**Your objective:**
Return exactly the lines from the start of the records below through the line containing "Bồn nước lạnh", both ends included, and leave out the pictures.

**Material to process:**
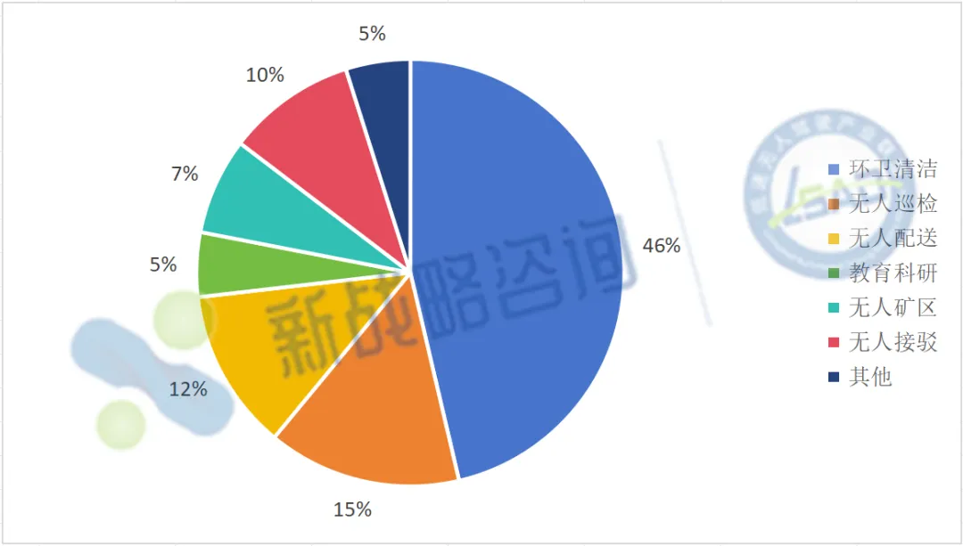 具体看来,当月项目集中分布在“清洁环卫”及“无人巡检”两大领域,项目数总占比接超60%,其次是无人配送和无人接驳,占比达到12%和10%。
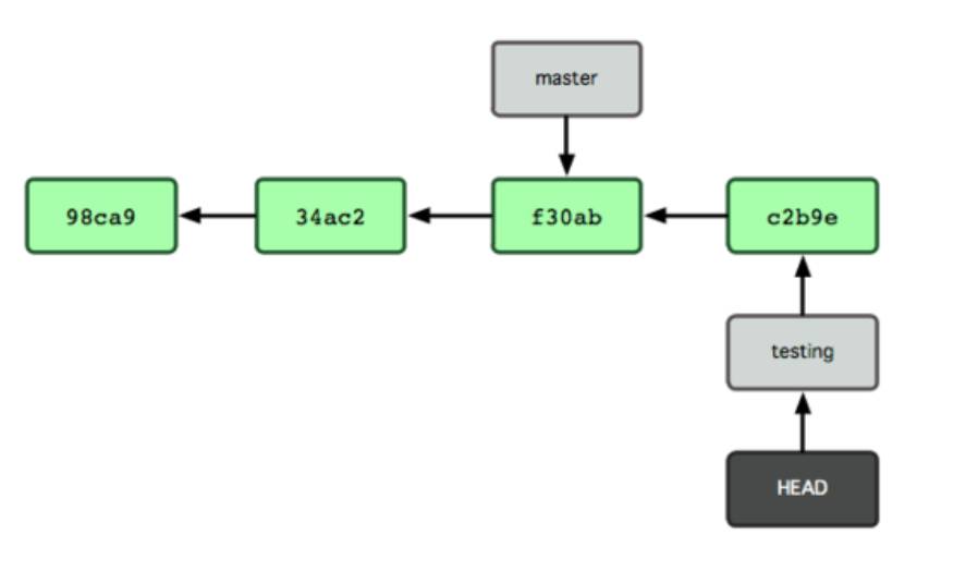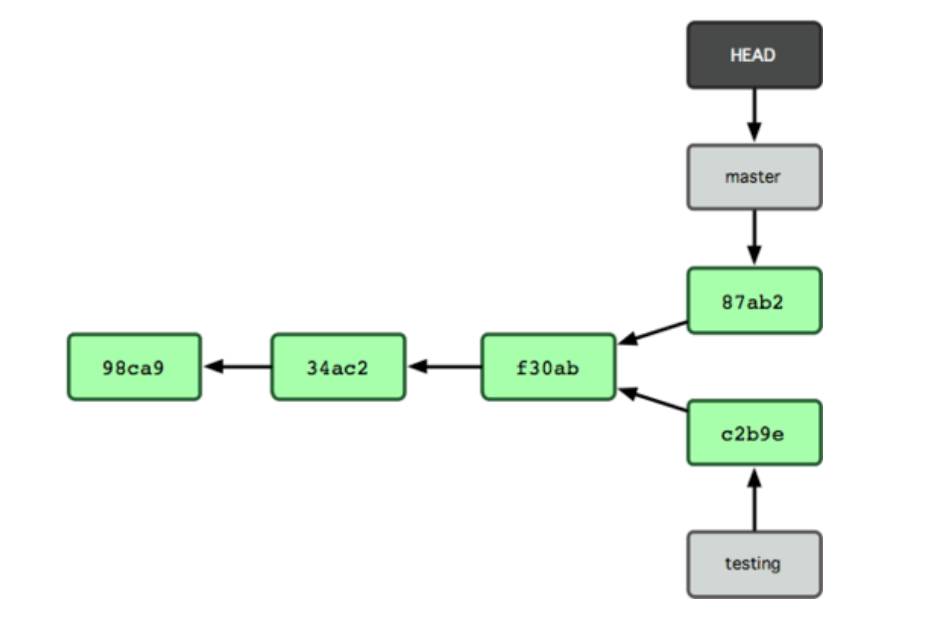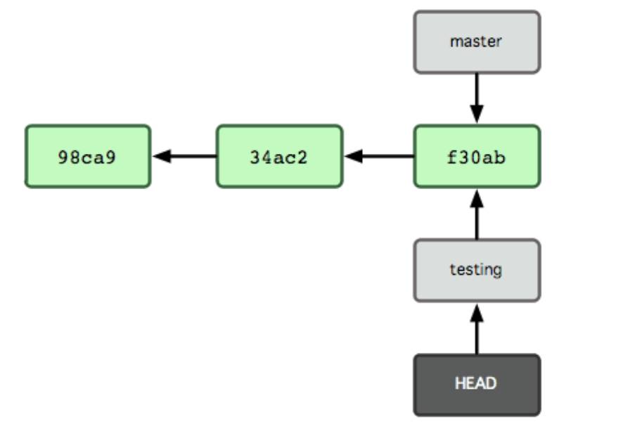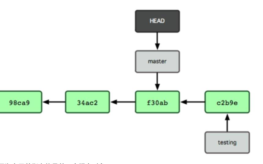 新创建一个分支,就是新增加一个指向最新提交对象的指针:git branch testing
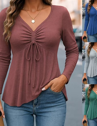 Femmes Chemisier Froncé Cordon de serrage Couleur Unie Élégant Occasionnel manche longue Col en V Hauts Réguliers Quotidien Bleu Rouge Vert Gris Clair Printemps Automne
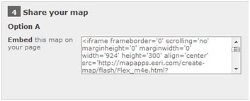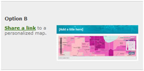 Step 4: You have two options for sharing your map. Use Option A if you want to embed the HTML on your Web site or MySpace page. Use Option B if you want to share your map via e-mail, Facebook, Digg, or Twitter.
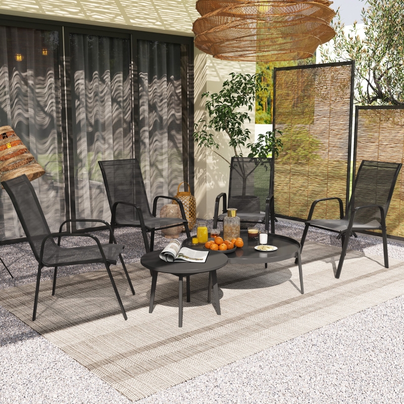 Set of four: Stackable outdoor chairs are great for relaxing with friends outdoors. || Stackable: Keep together when not being used. Easy to store away with little space. || Comfortable: Mesh fabric on each stackable chair helps reduce muscle tension and stress. High backs for support. || Metal frames: Powder coated for extra strength, these garden dining chairs support you well. || Dimensions: 95H x 54L x 75.5W cm. Seat: 41H x 44.5W x 45D cm. Maximum load 150 kg. Assembly required.
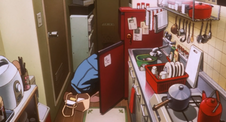 После возвращения домой, героиня замечает, что рыбки в ее аквариуме оказываются мертвыми. Квартира становится метафорой внутреннего мира Мимы Киригоэ. Сатоси Кон перестраивает объективную реальность под своё состояние. Снятие плаката бывшей поп-группы, постоянно закрытые шторы, появление компьютера, как средство расширения и так замкнутого пространства.
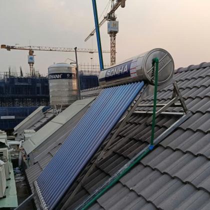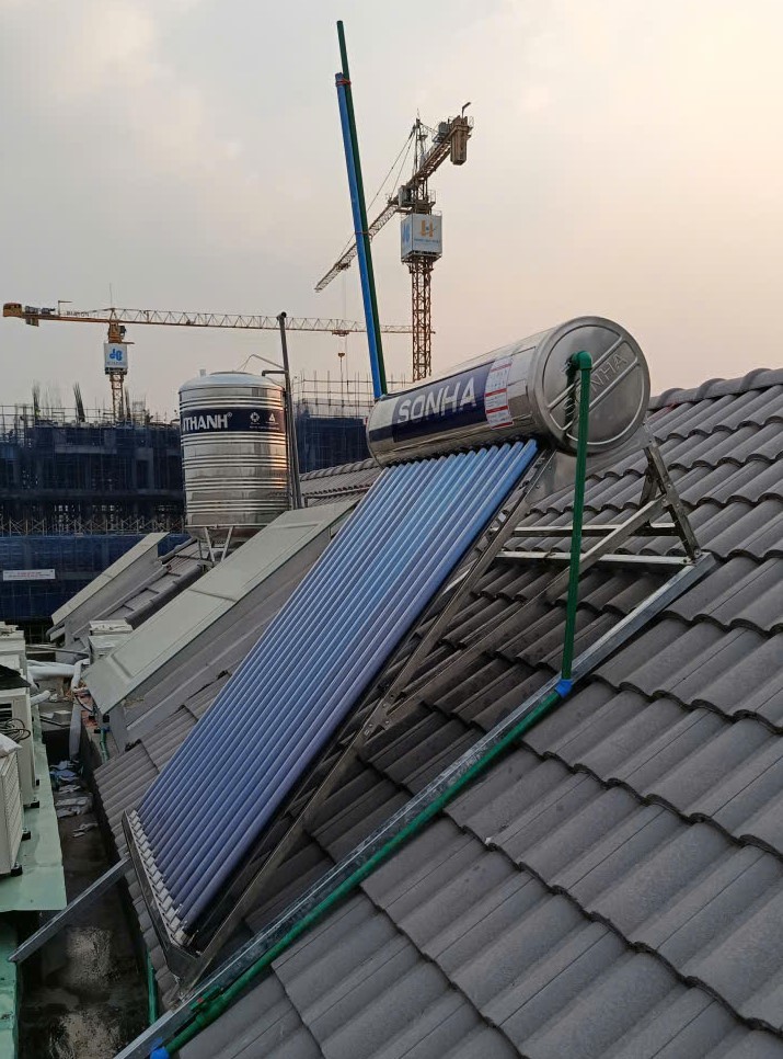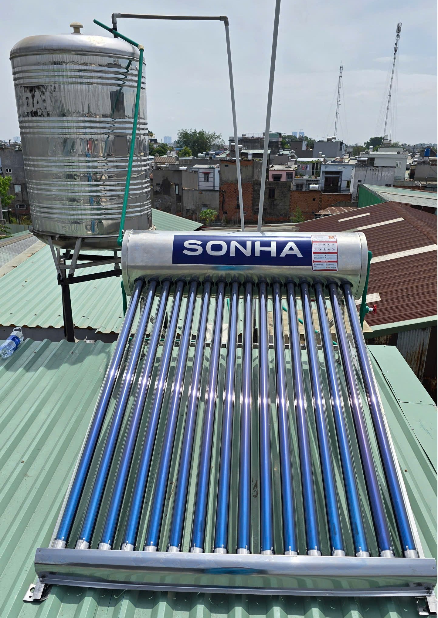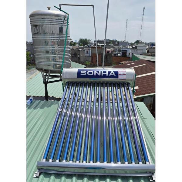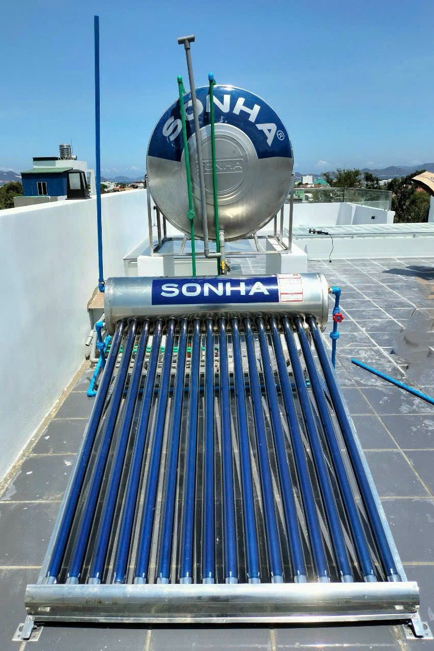 Bồn nước lạnh đặt cao hơn so với máy nước nóng năng lượng mặt trời Sơn Hà
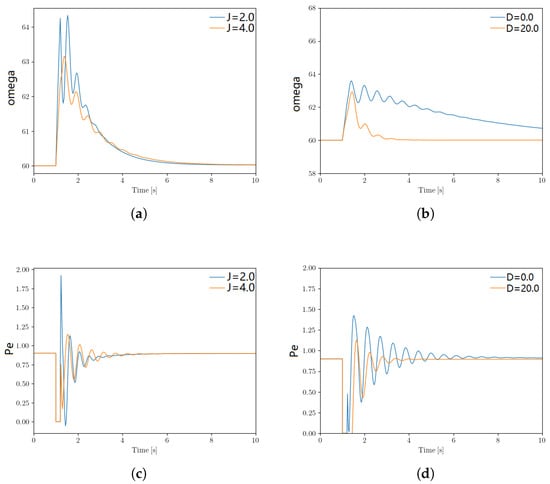 A smaller J results in a larger and , allowing the system to respond more quickly to changes in power or frequency deviation. This improves dynamic performance and responsiveness. However, reduced inertia may lead to larger frequency fluctuations and compromise system stability, as the system becomes more sensitive to disturbances.
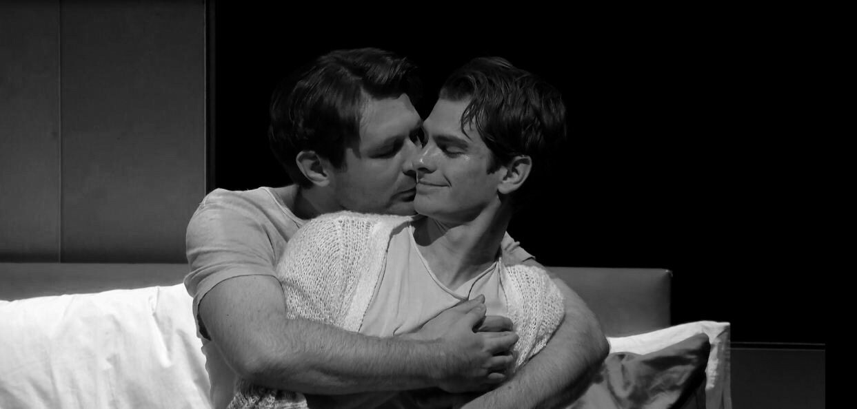 The point (dear the point) of their relationship dynamics across this scene is both that is allows Garfield to bring out some quiet complexities of the character that are lost in the bigger moments (of his own making and the plays) but also proof that he is playing the tiny details as much as the big picture. There is, to Elliott’s credit an entire secondary scene that plays out at this point outside the dialogue, making full use of the split scenes. During their discussion about justice/argument about Prior’s condition he throws in a few variations to keep a feeling of spontaneity or naturalism to their relationship- he changed almost nightly (in seemed) a variation on what he did for the line ‘You’re over sexed’ from biting McArdle’s neck, tickling him or various other things. A neat acting trick to keep things fresh over the run but a nice nod to how his Prior also seemed to react differently in this scene according to the mood Garfield was running with that night. He mentioned that his approach was just to ‘live it’ as Prior night on night and this is one of the scenes that seemed to have a fair bit of variation to it. There’s a little bed-time dance that goes on after Louis’ plea of ‘don’t get any sicker’ after a fierce embrace and a kiss they both settle down for bed.
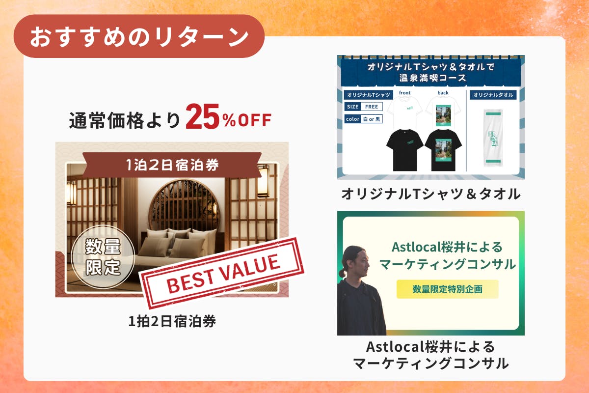 「1泊2日宿泊券」、「オリジナルTシャツとタオル」「Astlocal桜井によるマーケティングコンサル」など、多彩なリターンをご用意しています。
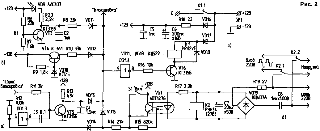 Счетчик-распределитель К561ИЕ8 (рис.1) имеет вход сброса (вывод 13), высокий уровень на котором приводит микросхему в исходное состояние. При этом прекращается счет, и все выходы, кроме нулевого (вывод 3), сбрасываются в ноль. Оба выходных транзистора VT1 и VT2 при этом закрыты, т.е. преобразователь заблокирован. Схема аварийной блокировки показана на рис.2а. Конденсатор С4 заряжается через R13 до напряжения питания при отсутствии импульсов с выхода DD1.2 и подает логическую "1" на вход блокировки (вывод 13 DD2) через VD13. При нормальной работе преобразователя, на выходе "Сброс блокировки" (вывод 1 DD2) каждые 20 мс появляется логическая "1", которая через R11 открывает транзистор VT5 и разряжает С4, не давая тем самым сработать блокировке. Защита от превышения напряжения на аккумуляторе (рис.26). При превышении Ua>15 В открывается стабилитрон VD10, током через R9 открывается VT4 и подает логическую "1" через VD12 на вход блокировки. Эта блокировка нужна для предотвращения выхода из строя силовых транзисторов. Для защиты всей схемы параллельно С5 нужно включить стабилитрон КС515. Такой ситуации не возникнет, если зарядное устройство не окажется подключенным к преобразователю без аккумулятора. Лучше преобразователь и зарядное устройство подключать к АБ разными проводами. Защита ДБ от глубокого разряда (рис.2в). Величина R7 подбирается таким образом, чтобы при Ua<10,5 В транзистор VT3 уже закрылся, светодиод VD9 погас, и через R8 и VD11 подалась логическая "1" на вход блокировки. С2 предотвращает блокировку в случае кратковременного понижения Ua. Защита от неверного включения (переполюсовки) АБ (рис.2г). При аварийной блокировке на выводе 9 DD1.4 присутствует логическая "1", на выходе DD1.4 - "О". Транзистор VT6 закрывается, реле К1 отпускает и отключает АБ от силовой части преобразователя. В случае переполюсовки при подключении АБ реле К1 вообще не срабатывает. Автомат переключения на резервное питание (рис.2д). В случае присутствия напряжения в сети, реле К2 включено, и своими контактами подключает нагрузку непосредственно к сети. Транзистор оптопары VU1 открыт, и через R14 подает логическую "1" на вход блокировки. Преобразователь при этом заблокирован. При пропадании напряжения сети отпускает реле К2, переключая нагрузку на выход преобразователя. Закрывается транзистор оптопары, и появляется логический "О" на выводе 5 DD1.3. Тоща на выходе DD1.3-"1", положительный импульс открывает транзистор VT5, разряжается С5, со входа блокировки пропадает "1", и преобразователь запускается. Выключатель S1 "Вкл" позволяет выключать преобразователь в том случае, когда при отсутствии напряжения в сети резервное питание не требуется;"+" питания поступает через выключатель S1 и R14 на вход блокировки. При размыкании контактов выключателя S1 происходит запуск преобразователя - так же как и после пропадания напряжения в сети.
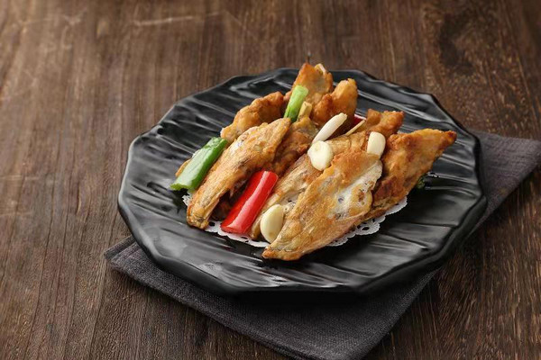 順德勒流名菜之一,明代李時珍認為:“鳙之美在于頭”。取鳙魚,即大頭魚的魚頭精華部位——魚嘴入饌,用順德人擅長的煎焗技法使魚頭色澤金黃、鮮香嫩滑。

**Result for this exercise:**
 具体看来,当月项目集中分布在“清洁环卫”及“无人巡检”两大领域,项目数总占比接超60%,其次是无人配送和无人接驳,占比达到12%和10%。
 新创建一个分支,就是新增加一个指向最新提交对象的指针:git branch testing
 Femmes Chemisier Froncé Cordon de serrage Couleur Unie Élégant Occasionnel manche longue Col en V Hauts Réguliers Quotidien Bleu Rouge Vert Gris Clair Printemps Automne
 Step 4: You have two options for sharing your map. Use Option A if you want to embed the HTML on your Web site or MySpace page. Use Option B if you want to share your map via e-mail, Facebook, Digg, or Twitter.
 Set of four: Stackable outdoor chairs are great for relaxing with friends outdoors. || Stackable: Keep together when not being used. Easy to store away with little space. || Comfortable: Mesh fabric on each stackable chair helps reduce muscle tension and stress. High backs for support. || Metal frames: Powder coated for extra strength, these garden dining chairs support you well. || Dimensions: 95H x 54L x 75.5W cm. Seat: 41H x 44.5W x 45D cm. Maximum load 150 kg. Assembly required.
 После возвращения домой, героиня замечает, что рыбки в ее аквариуме оказываются мертвыми. Квартира становится метафорой внутреннего мира Мимы Киригоэ. Сатоси Кон перестраивает объективную реальность под своё состояние. Снятие плаката бывшей поп-группы, постоянно закрытые шторы, появление компьютера, как средство расширения и так замкнутого пространства.
 Bồn nước lạnh đặt cao hơn so với máy nước nóng năng lượng mặt trời Sơn Hà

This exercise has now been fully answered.